Arlette Torres en una portada, sonriendo

Entrevista | Arlette Torres fala sobre sua trajetória artística, a importância da cultura e muito mais

A atriz venezuelana nos conta, com exclusividade, sobre seus projetos, a história de sua carreira e como foi interpretar, por duas vezes, um personagem LGBTQI+

Para leer la entrevista completa con Arlette Torres en español, haga clic AQUÍ.

Arlette Torres é uma artista que sempre esteve rodeada de arte.
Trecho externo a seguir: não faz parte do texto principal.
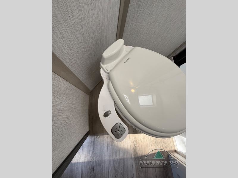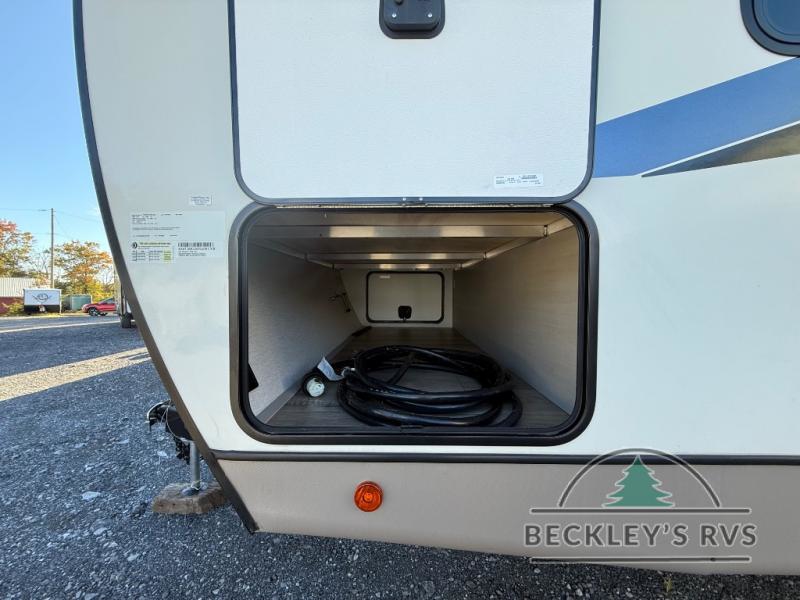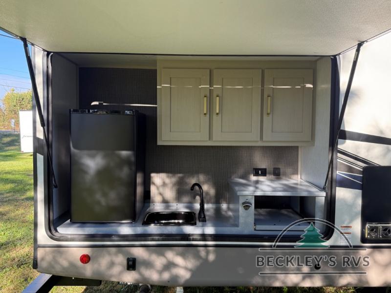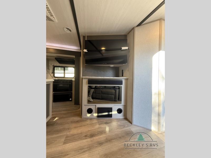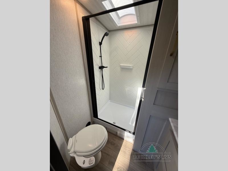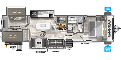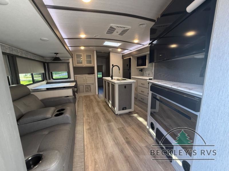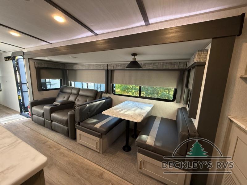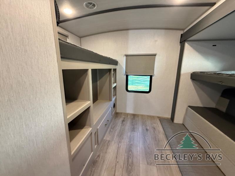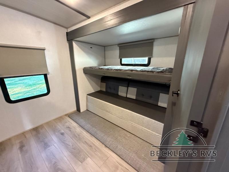 Your kids or friends are going to love camping in this travel trailer! It features a rear private bunkhouse with a bunk above a Versa queen convertible bed/sofa plus an additional bunk above an entertainment center with storage below. Just outside the bunkhouse is the kitchen with a 10 cu. ft. 12V black refrigerator, a microwave, a kitchen island, and a chef-sized walk-in pantry big enough to store everyone's favorite snacks. The booth dinette and the theatre seating are right next to panoramic windows so you can enjoy looking out at your beautiful scenery. You will also love taking a hot, steamy shower in the 30" x 36" shower with skylights and get a good night's rest on the queen bed with Versa Tilt in the front private bedroom!
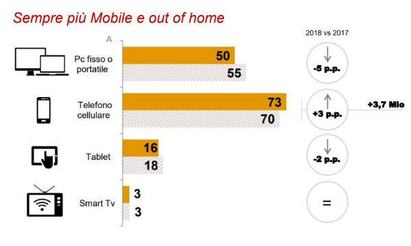 La dispersione e l'incremento della fruizione riscontrate per il mezzo televisivo hanno interessato anche i canali digitali, che nel 2018 hanno registrato una reach media giornaliera pari al 52,1% fra gli InfoShopper(di cui 23,8% totale Pc e 44,9% totale mobile), a dieci punti percentuali di distanza dai valori registrati fra gli Everywhere Shopper (62,1%, di cui 30,7% totale Pc e 53,8% totale mobile). Questo conferma come quest'ultimo segmento manifesti comportamenti sempre più evoluti e frammentati anche nell'uso dei media.

Influenciada pela família, que conta com um pai ator (José Torres), uma mãe jornalista e irmãos músicos, sempre esteve nos grupos de teatro da escola e mesmo muito jovem, já fazia suas próprias peças teatrais. “Quando eu tinha cerca de 6 ou 7 anos, criei e produzi minhas próprias obras teatrais com crianças que também moravam no meu bairro . Então eu poderia praticamente dizer que este foi, sem querer, meu primeiro ‘trabalho autônomo’ (risos)”, diz a artista.

A atriz venezuelana começou sua carreira em produções teatrais, como integrante do elenco fixo do Teatro Universitario para Niños El Chichón (Teatro para Crianças da Universidade El Chichón) e do grupo Escena de Caracas, e iniciou a carreira no audiovisual em novelas, até chegar ao cinema, no filme Maroa (2006), que guarda com muito carinho na memória.

Arlette Torres aparece sorrindo
Divulgação: Arlette Torres via Instagram

Embora atuar seja sua paixão, ela relata que, no início, não achava que iria continuar na carreira, como profissão, mas não tinha mesmo como escapar. “Achava que não ia me dedicar formalmente a isso (interpretação); Porém, em 2005 decidi prestar atenção na minha voz interior, ouvir a minha intuição e me dedicar a fazer o que eu realmente amo e me dedicar profissionalmente. Então, viajei para a Espanha para continuar treinando e abrir novos horizontes”, comenta.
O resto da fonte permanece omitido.